Images of child sexual abuse created by artificial intelligence are becoming “significantly more realistic”, according to an online safety watchdog.
The Internet Watch Foundation (IWF) said advances in AI are being reflected in illegal content created and consumed by paedophiles, saying: “In 2024, the quality of AI-generated videos improved exponentially, and all types of AI imagery assessed appeared significantly more realistic as the technology developed.”
The IWF revealed in its annual report that it received 245 reports of AI-generated child sexual abuse imagery that broke UK law in 2024 – an increase of 380% on the 51 seen in 2023. The reports equated to 7,644 images and a small number of videos, reflecting the fact that one URL can contain multiple examples of illegal material.
The largest proportion of those images was “category A” material, the term for the most extreme type of child sexual abuse content that includes penetrative sexual activity or sadism. This accounted for 39% of the actionable AI material seen by the IWF.
The government announced in February it will become illegal to possess, create or distribute AI tools designed to generate child sexual abuse material, closing a legal loophole that had alarmed police and online safety campaigners. It will also become illegal for anyone to possess manuals that teach people how to use AI tools to either make abusive imagery or to help them abuse children.
The IWF, which operates a hotline in the UK but has a global remit, said the AI-generated imagery is increasingly appearing on the open internet and not just on the “dark web” – an area of the internet accessed by specialised browsers. It said the most convincing AI-generated material can be indistinguishable from real images and videos, even for trained IWF analysts.
The watchdog’s annual report also announced record levels of webpages hosting child sexual abuse imagery in 2024. The IWF said there were 291,273 reports of child sexual abuse imagery last year, an increase of 6% on 2023. The majority of victims in the reports were girls.
The IWF also announced it was making a new safety tool available to smaller websites for free, to help them spot and prevent the spread of abuse material on their platforms.

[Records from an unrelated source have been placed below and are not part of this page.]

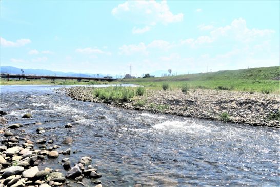 ・写真1は会場すぐ傍の「小鴨川」の清流。本日も最高気温35℃を超す猛暑日。この写真を撮るために河原をぶらぶら歩いていたら汗が噴き出して、会場のクーラーの効いた部屋に戻るとハックション!
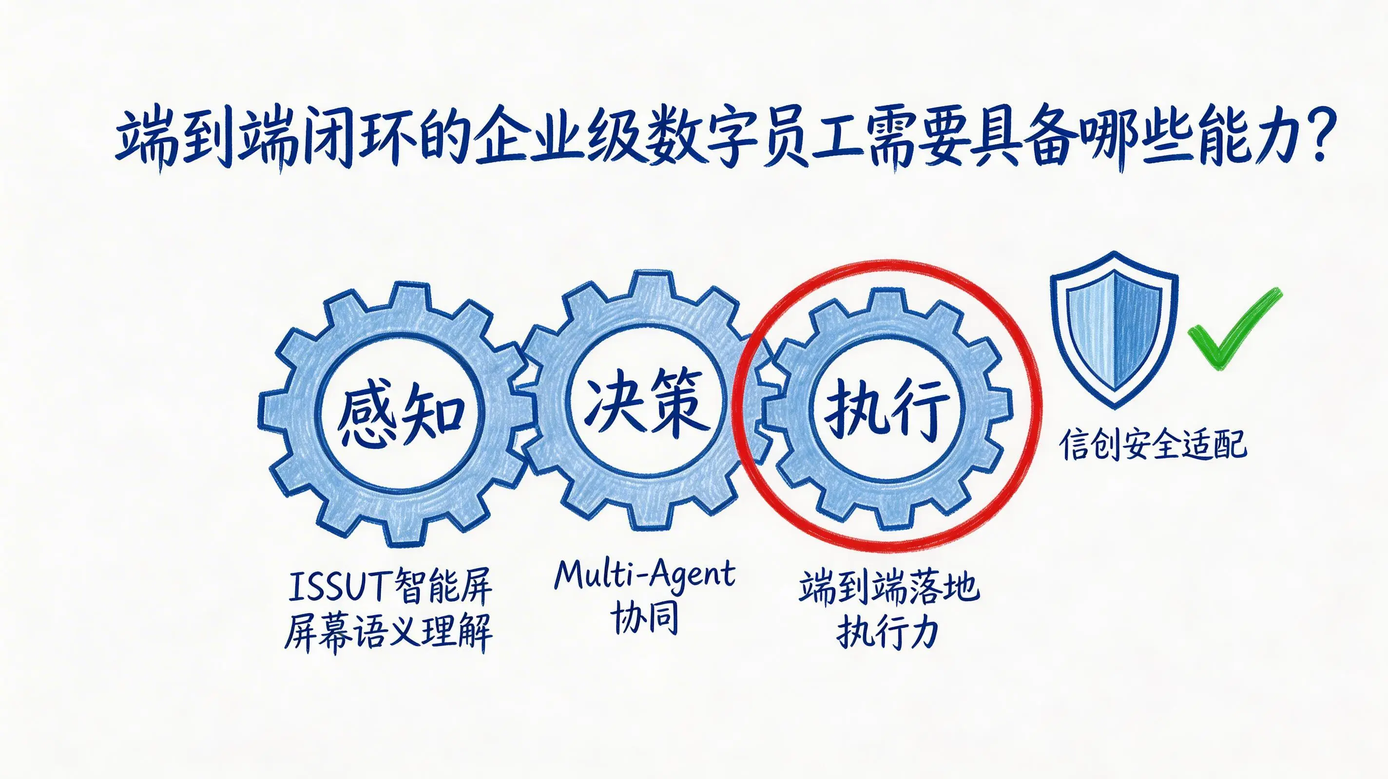 总而言之,端到端闭环的企业级数字员工,已经超越了传统AI助理的范畴,进化成为新时代的“高级数字员工”。它凭借前沿的屏幕理解技术打通了执行的“最后一公里”,利用大模型加持解决了“如何思考”的问题,并以坚如磐石的信创安全为底座,最终实现了从指令下达到结果交付的完整价值闭环。
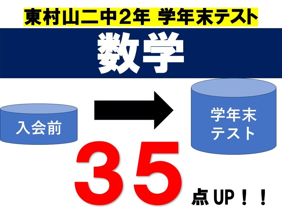 ■3/12(木)学年末テスト結果「数学:35点」UP!!導育塾【東村山】数学・英語の専門性が高く、一人ひとりに向き合りに向き合う進学塾、導育塾 東村山教室、すばらしい結果です!!、学年末テスト結果「数学:35点」UP!!、よく頑張りました!!、今後もさらなる成績向上を目指しましょう!!

The tool, called Image Intercept, can detect and block images that appear in an IWF database containing 2.8m images that have been digitally marked as criminal imagery. The watchdog said it would help smaller platforms comply with the newly introduced Online Safety Act, which contains provisions on protecting children and tackling illegal content such as child sexual abuse material.
Derek Ray-Hill, the interim chief executive of the IWF, said making the tool freely available was a “major moment in online safety”.
The technology secretary, Peter Kyle, said the rise in AI-generated abuse and sextortion – where children are blackmailed over the sending of intimate images – underlined how “threats to young people online are constantly evolving”. He said the new image intercept tool was a “powerful example of how innovation can be part of the solution in making online spaces safer for children”.